Summary
Marriott International Inc. (MAR) reported a strong first quarter for 2017, significantly impacted by the acquisition of Starwood Hotels & Resorts. Total revenues surged by 43% to $5.56 billion, driven by substantial increases across all fee categories, notably base management fees (up 53%), franchise fees (up 46%), and incentive management fees (up 51%). This revenue growth is largely attributable to the inclusion of Starwood's operations, which contributed significantly to all reporting segments, particularly North American Full-Service and Asia Pacific. Net income increased by an impressive 67% to $365 million, or $0.94 per diluted share, compared to $219 million, or $0.85 per diluted share, in the prior year's first quarter. This performance demonstrates the immediate positive financial impact of the Starwood acquisition, even considering merger-related costs. The company also highlighted positive comparable RevPAR growth of 3.1% globally, indicating underlying brand strength beyond the acquisition's influence. Marriott continues to focus on its asset-light strategy, driving growth through management and franchising, while actively managing its capital through share repurchases and dividends.
Financial Highlights
46 data points| Revenue | $4.91B |
| Operating Expenses | $4.37B |
| Operating Income | $546.00M |
| Interest Expense | $70.00M |
| Net Income | $371.00M |
| EPS (Basic) | $0.96 |
| EPS (Diluted) | $0.95 |
| Shares Outstanding (Basic) | 384.90M |
| Shares Outstanding (Diluted) | 390.00M |
Key Highlights
- 1Total revenues increased by 43% to $5.56 billion, primarily due to the acquisition of Starwood Hotels & Resorts.
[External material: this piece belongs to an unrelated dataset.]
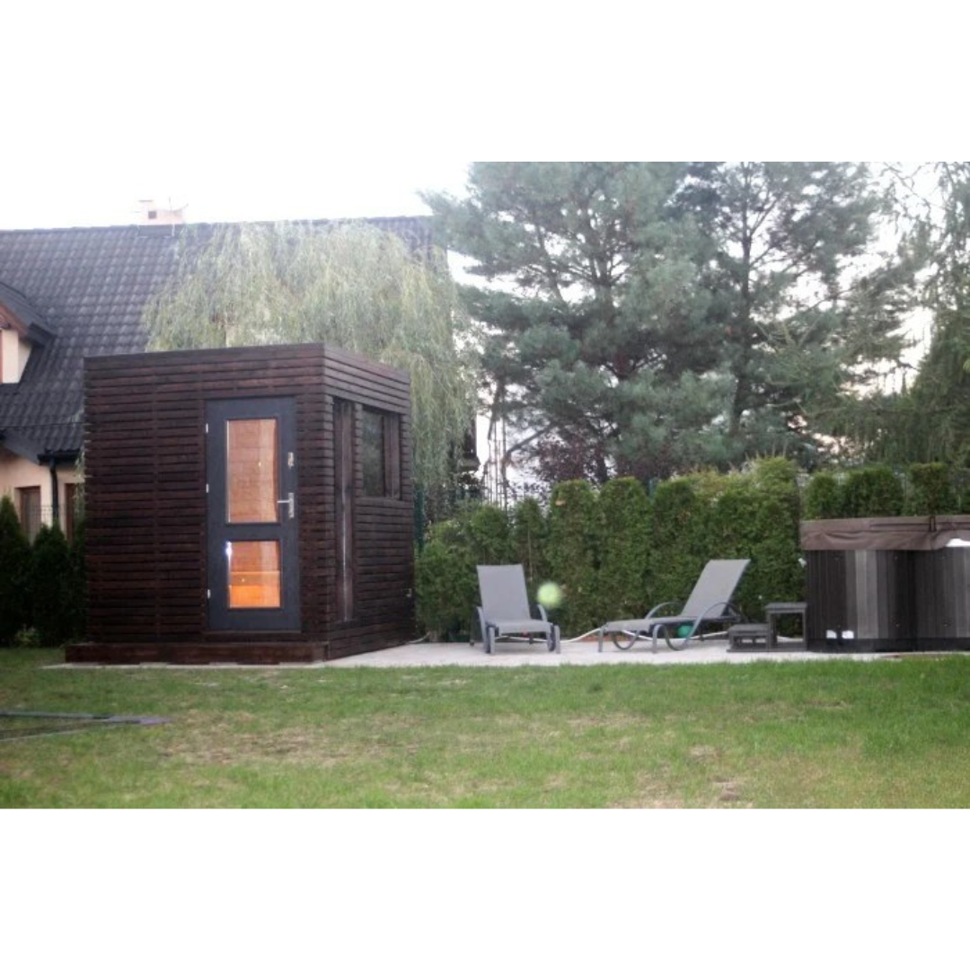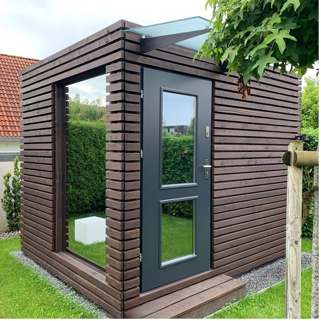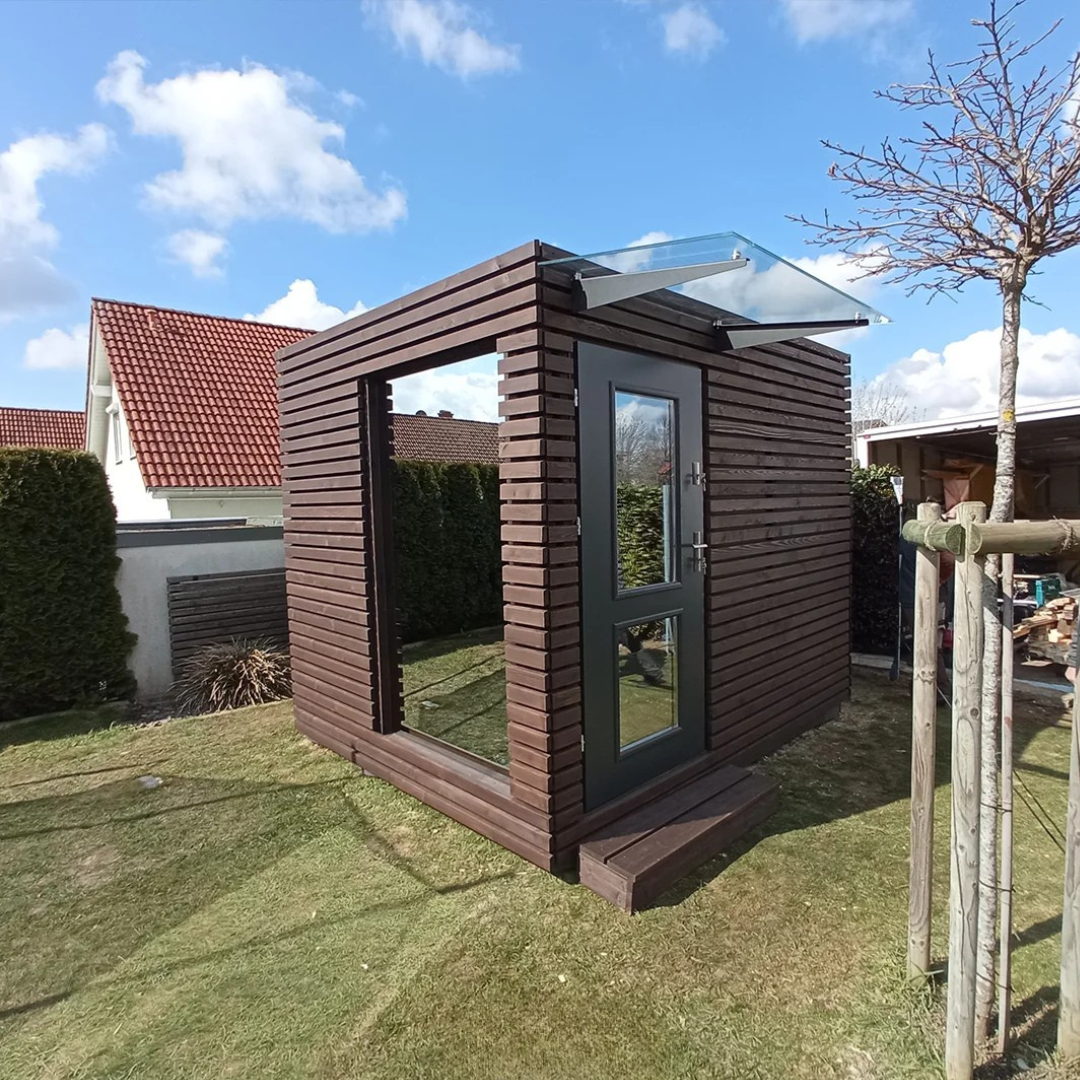 Darüber hinaus ist die Gartensauna mit moderner LED-Beleuchtung in Form von Einbauspots ausgestattet. Die Außenfassade wird durch zwei stilvolle Wandleuchten beleuchtet.
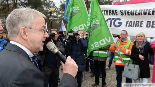 Vor Beginn der vierten Verhandlungsrunde am 28. März 2015 in Potsdam hat der Zweite Vorsitzende und Verhandlungsführer des dbb, Willi Russ, von der Tarifgemeinschaft der Länder (TdL) ein umfassendes Angebot verlangt. Russ: „Heute darf es keine Verzögerungen und Unklarheiten mehr geben. Wir haben in drei Verhandlungsrunden alle Details der Einkommenssituation der Kolleginnen und Kollegen diskutiert und die Position der Gewerkschaften dargestellt. Was immer noch fehlt, ist eine klare Ansage der TdL zur Arbeitgeberposition.“

- 2Net income grew by 67% to $365 million, resulting in diluted EPS of $0.94, up from $0.85 in the prior year.
- 3Fee revenues (base management, franchise, and incentive management) collectively increased by 50% to $782 million, largely driven by Starwood's contribution.
- 4Comparable worldwide systemwide RevPAR increased by 3.1%, indicating positive performance across existing brands.
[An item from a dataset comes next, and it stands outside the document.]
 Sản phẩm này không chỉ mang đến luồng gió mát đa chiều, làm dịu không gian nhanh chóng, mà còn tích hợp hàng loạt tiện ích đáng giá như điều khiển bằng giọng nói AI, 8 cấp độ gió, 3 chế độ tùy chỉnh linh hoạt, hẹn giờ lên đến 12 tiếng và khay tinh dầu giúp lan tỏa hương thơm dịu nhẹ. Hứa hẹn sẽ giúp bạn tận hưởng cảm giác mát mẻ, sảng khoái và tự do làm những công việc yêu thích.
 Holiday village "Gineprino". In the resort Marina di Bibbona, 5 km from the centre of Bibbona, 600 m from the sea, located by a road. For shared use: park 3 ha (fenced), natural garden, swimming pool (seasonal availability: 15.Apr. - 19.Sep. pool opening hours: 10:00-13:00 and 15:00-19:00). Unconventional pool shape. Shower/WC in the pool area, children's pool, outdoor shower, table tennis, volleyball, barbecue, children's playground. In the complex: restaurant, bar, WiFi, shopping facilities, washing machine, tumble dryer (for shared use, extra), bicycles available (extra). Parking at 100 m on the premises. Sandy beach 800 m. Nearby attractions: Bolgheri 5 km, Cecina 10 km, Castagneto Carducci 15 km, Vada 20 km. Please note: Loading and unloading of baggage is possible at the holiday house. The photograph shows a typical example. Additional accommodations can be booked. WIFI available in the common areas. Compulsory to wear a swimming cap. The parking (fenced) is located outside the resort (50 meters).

- 5The company repurchased approximately 6.7 million shares of common stock in the first quarter, reflecting a commitment to shareholder returns.
- 6Merger-related costs and charges were $51 million for the quarter, impacting profitability but showing the integration process is underway.
- 7Other comprehensive income was a significant positive $185 million, primarily driven by foreign currency translation adjustments.